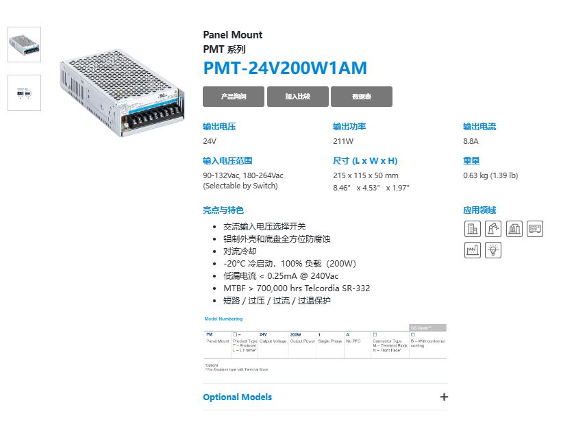 輸入電壓范圍 90-264 VAC 90-132 VAC, 180-264 VAC (選擇開關) 90-264 VAC 90-132 VAC, 180-264 VAC (選擇開關)
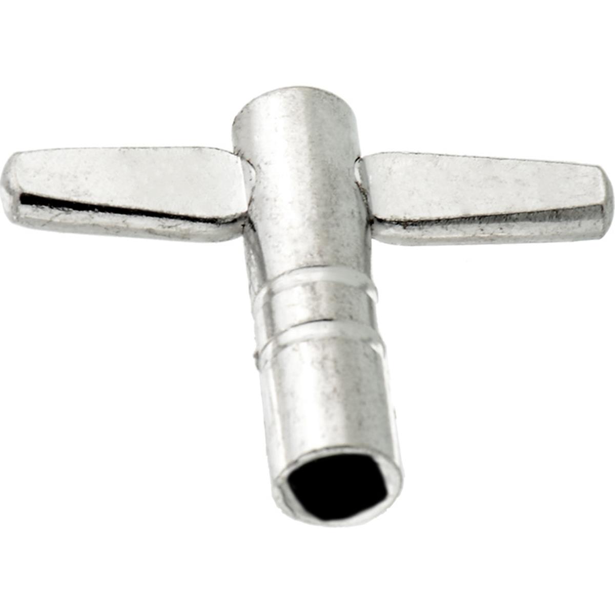 Llave de afinación para batería, metálica, terminado cromado, sencilla.
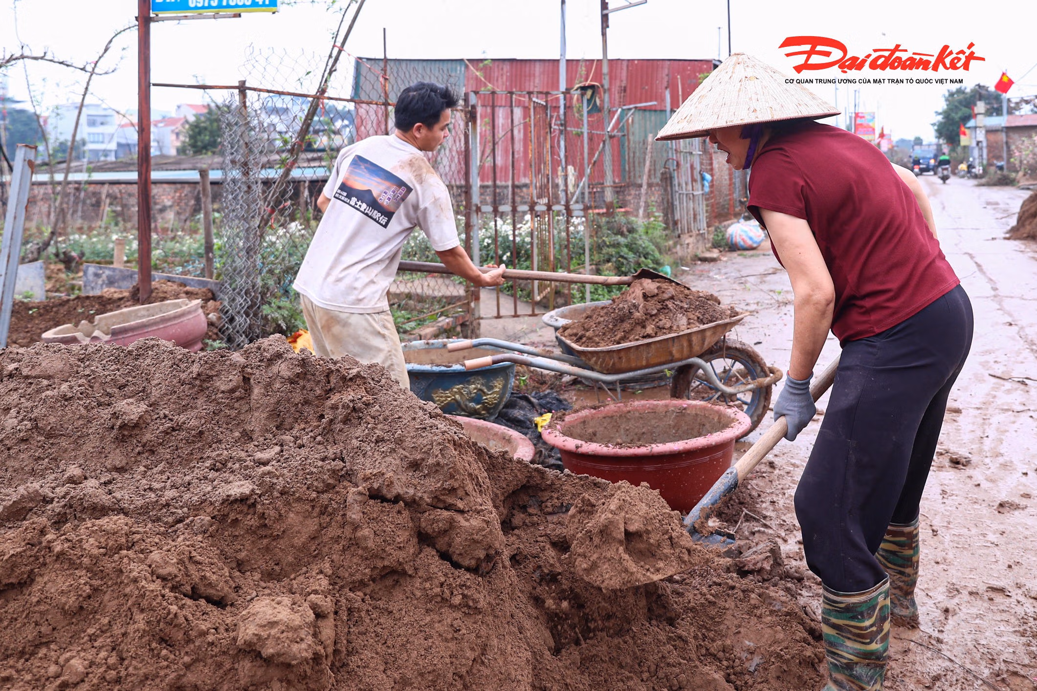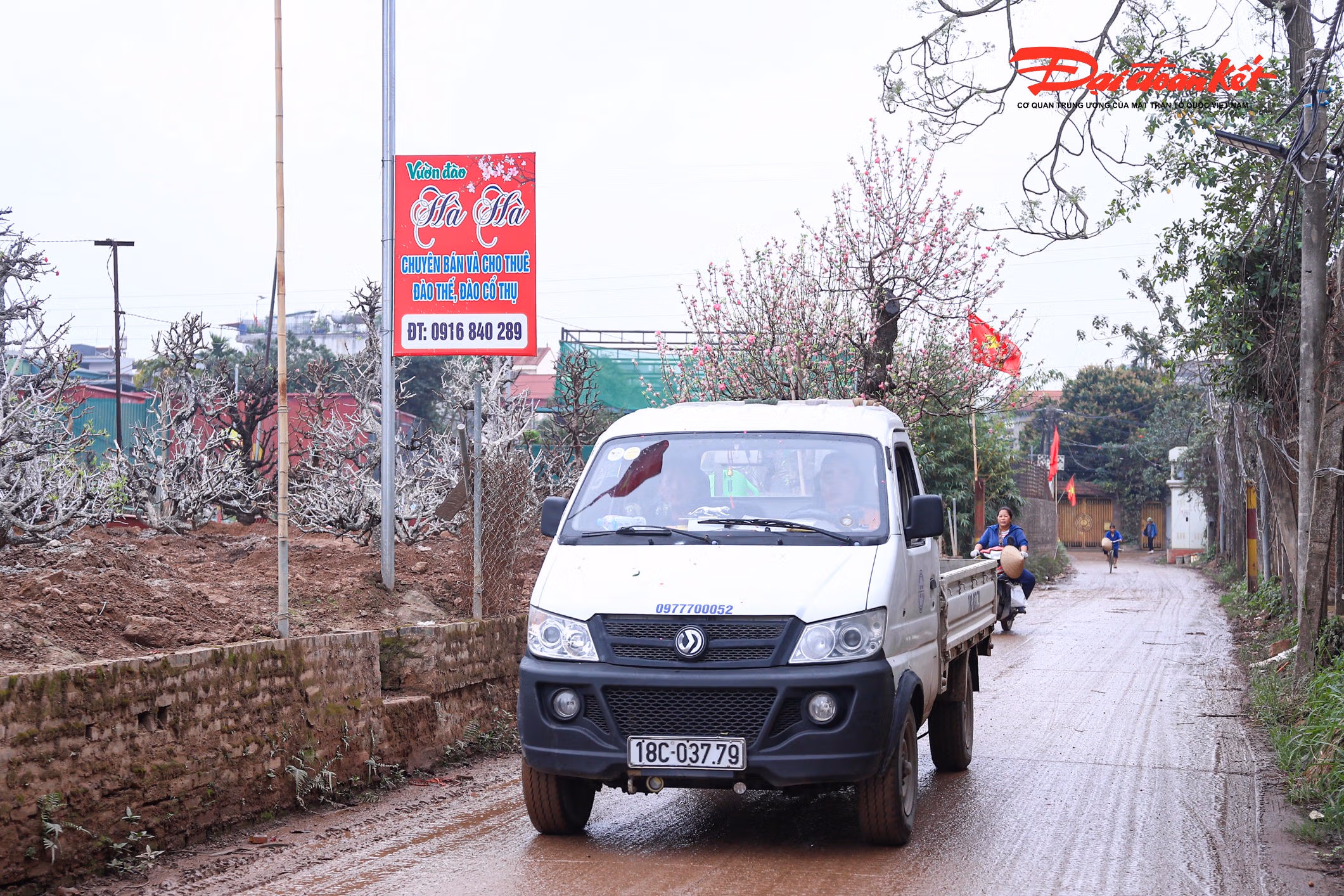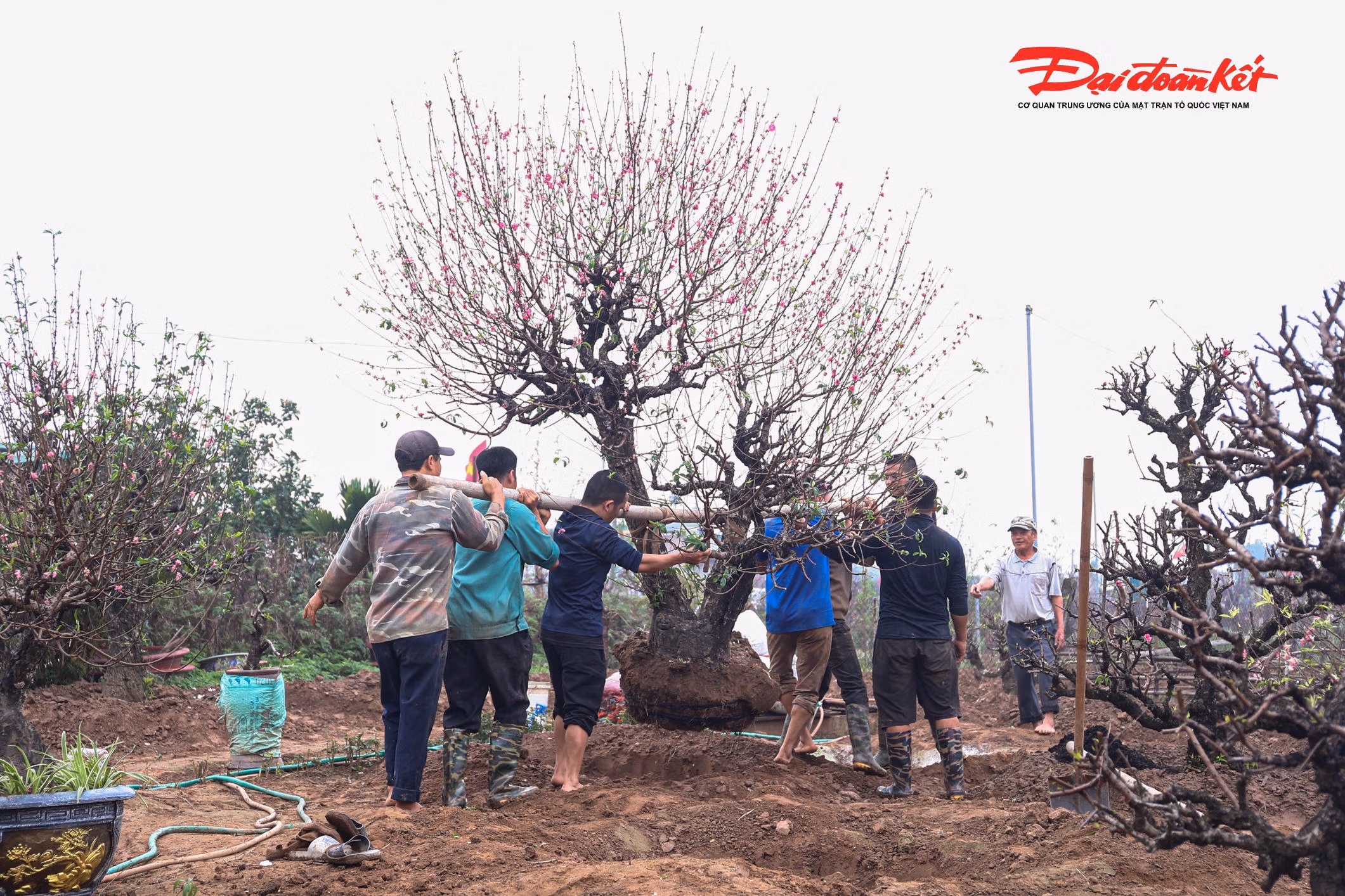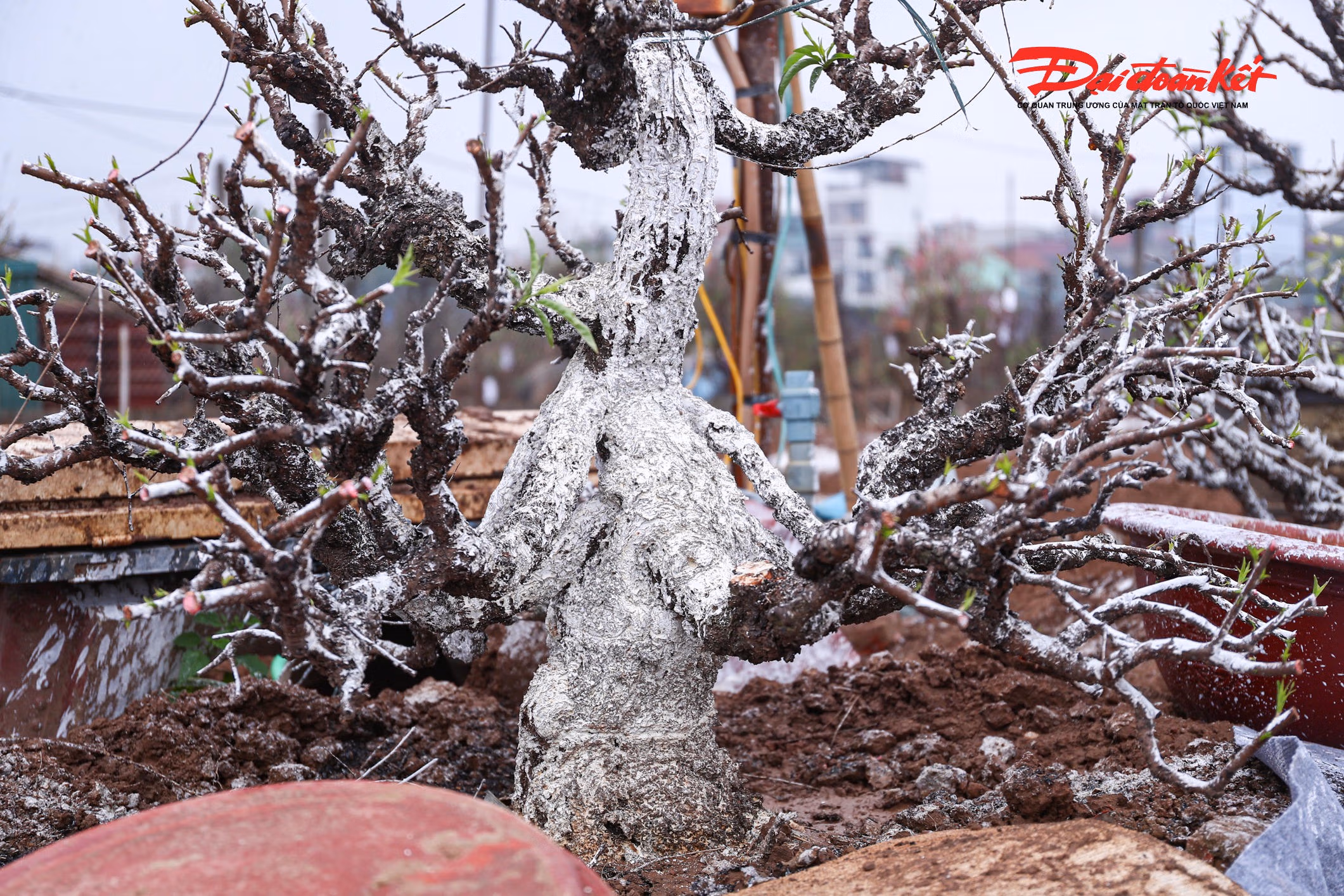 Sau khi được đưa về vườn, nhiều gốc đào được rắc một lớp vôi bột quanh gốc để khử khuẩn, phòng ngừa nấm bệnh và cải tạo đất. Đồng thời, biện pháp này cũng giúp kìm hãm sinh trưởng trong giai đoạn đầu, tránh cây bật lộc quá sớm, tạo nền tảng để phát triển ổn định và đạt chất lượng tốt nhất vào dịp Tết năm sau.
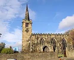 The Church of St. Mary is the parish church in Worsbrough Village in South Yorkshire, England.[1] It is a Church of England church in the Diocese of Sheffield. The building is Grade I listed[2] and was built in the 12th century, however evidence of pre-Norman Conquest stonework suggests an older building on this site. Parts of the chancel are early Norman but the church underwent several alterations in the 14th and 15th century including the installing of the south door with its Gothic inscription which dates to 1480.[3][4]
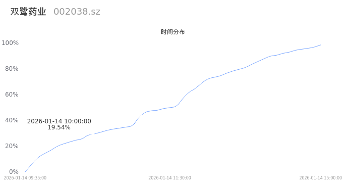 002038双鹭药业2026年01月14日成交36.75万手,成交金额2.89亿,相较昨日缩量1.10万手,换手率4.31%,成交清淡。
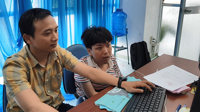 Tiến đang thực tập tại Sở TT-TT tỉnh Phú Yên. Ảnh: ĐỨC HUY
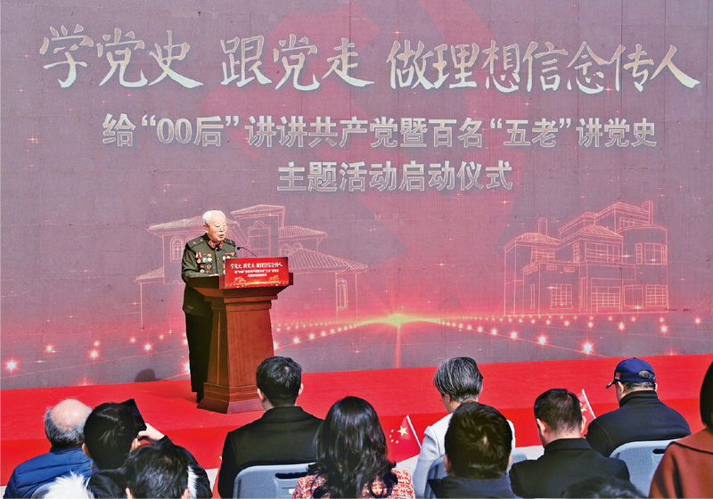 2021年2月23日,“學(xué)黨史 跟黨走 做理想信念傳人——給‘00后’講講共產(chǎn)黨暨百名‘五老’講黨史主題活動(dòng)”在位于上海市嘉定區(qū)的外岡游擊隊(duì)紀(jì)念館正式啟動(dòng)。本次活動(dòng)拉開(kāi)了上海教育系統(tǒng)黨史學(xué)習(xí)教育的序幕,將組織包括新四軍老戰(zhàn)士在內(nèi)的一批老干部、老戰(zhàn)士、老專(zhuān)家、老教師、老模范走進(jìn)校園,以“校外輔導(dǎo)員”的方式,參與大學(xué)和中小學(xué)的思想政治教育,教育引導(dǎo)青少年始終聽(tīng)黨的話、永遠(yuǎn)跟黨走。圖為上海市新四軍歷史研究會(huì)名譽(yù)會(huì)長(zhǎng)、九旬新四軍老戰(zhàn)士阮武昌在活動(dòng)現(xiàn)場(chǎng)講述新四軍的抗日故事。 新華社記者 劉穎/攝

============

▸ TASK TO COMPLETE: Reproduce every record in full. Leave out the images.

▸ YOUR SOLUTION:
 輸入電壓范圍 90-264 VAC 90-132 VAC, 180-264 VAC (選擇開關) 90-264 VAC 90-132 VAC, 180-264 VAC (選擇開關)
 Llave de afinación para batería, metálica, terminado cromado, sencilla.
 Sau khi được đưa về vườn, nhiều gốc đào được rắc một lớp vôi bột quanh gốc để khử khuẩn, phòng ngừa nấm bệnh và cải tạo đất. Đồng thời, biện pháp này cũng giúp kìm hãm sinh trưởng trong giai đoạn đầu, tránh cây bật lộc quá sớm, tạo nền tảng để phát triển ổn định và đạt chất lượng tốt nhất vào dịp Tết năm sau.
 The Church of St. Mary is the parish church in Worsbrough Village in South Yorkshire, England.[1] It is a Church of England church in the Diocese of Sheffield. The building is Grade I listed[2] and was built in the 12th century, however evidence of pre-Norman Conquest stonework suggests an older building on this site. Parts of the chancel are early Norman but the church underwent several alterations in the 14th and 15th century including the installing of the south door with its Gothic inscription which dates to 1480.[3][4]
 002038双鹭药业2026年01月14日成交36.75万手,成交金额2.89亿,相较昨日缩量1.10万手,换手率4.31%,成交清淡。
 Tiến đang thực tập tại Sở TT-TT tỉnh Phú Yên. Ảnh: ĐỨC HUY
 2021年2月23日,“學(xué)黨史 跟黨走 做理想信念傳人——給‘00后’講講共產(chǎn)黨暨百名‘五老’講黨史主題活動(dòng)”在位于上海市嘉定區(qū)的外岡游擊隊(duì)紀(jì)念館正式啟動(dòng)。本次活動(dòng)拉開(kāi)了上海教育系統(tǒng)黨史學(xué)習(xí)教育的序幕,將組織包括新四軍老戰(zhàn)士在內(nèi)的一批老干部、老戰(zhàn)士、老專(zhuān)家、老教師、老模范走進(jìn)校園,以“校外輔導(dǎo)員”的方式,參與大學(xué)和中小學(xué)的思想政治教育,教育引導(dǎo)青少年始終聽(tīng)黨的話、永遠(yuǎn)跟黨走。圖為上海市新四軍歷史研究會(huì)名譽(yù)會(huì)長(zhǎng)、九旬新四軍老戰(zhàn)士阮武昌在活動(dòng)現(xiàn)場(chǎng)講述新四軍的抗日故事。 新華社記者 劉穎/攝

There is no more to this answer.